Popularité: Un exploit, Macron réussit à faire pire qu'Hollande !

(Graphique: Le Point.fr)

Quand on écoute les informations que cela soit sur BFM, CNews, TF1, voire même sur la télé d'Etat, on a l'impression que globalement tout baigne pour Macron. Pas un jour sans un petit reportage plutôt favorable au bonhomme tant à l'international qu'au national. Il parle bien en Français comme en Anglais, ses réformes passent bien dans l'opinion, les syndicats n'arrivent pas à perturber la grande marche du petit bonhomme: Bref, tout va bien.
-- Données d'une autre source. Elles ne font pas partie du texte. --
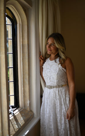 Morning sun floods the bridal suite as Anna gets ready with her bridesmaids Sophie and Shanika. There's a buzz of excitement - hairdryers going, dresses swishing, laughter bouncing off the old stone walls.
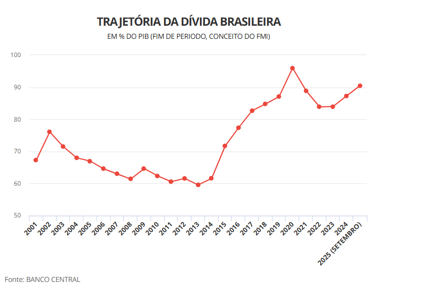➡️ No padrão do Fundo Monetário Internacional (FMI), referência para comparação internacional — que inclui títulos públicos que estão na carteira do BC no endividamento brasileiro —, a dívida do país é muito maior: 90,5% do PIB (patamar de setembro).

A tel point qu'il nous balance tous les 4 matins un nouveau projet de réforme: La SNCF, le baccalauréat, le système de santé. Ça bouge à l'Elysée, les troupes se remuent et comme il se plaît à le dire: tout ce qui a été promis sera fait. Y compris la hausse de la CSG... Ce bâton foireux qu'il va traîner encore des mois voire des années, comme celui de la hausse du pouvoir d'achat dont seul lui et ses larbins semblent être convaincus.

L'homme semble sûr de lui, un brin suffisant, voire arrogant et  nous demande de patienter, il renverra dans ses 22 toute personne qui ne sera pas convaincu par sa démarche.

Et les médias, la palme revenant sans conteste à BFM, de s'esbaudir devant ce président qui sait tenir son cap et que rien, pas même une éventuelle contestation sociale, ne saura faire plier. Ça c'est le discours officiel, celui de dedans la télé.

Alors qu'en fait la vérité est ailleurs, elle est dans la rue, hors du périphérique, là où il y a la France qui bosse, qui trime, qui rame et qui a du mal à boucler ses fins de mois. Bref, cette France qui n'a pas voté pour Macron ou qui l'a fait, par dépit, pour ne pas voter pour Le Pen.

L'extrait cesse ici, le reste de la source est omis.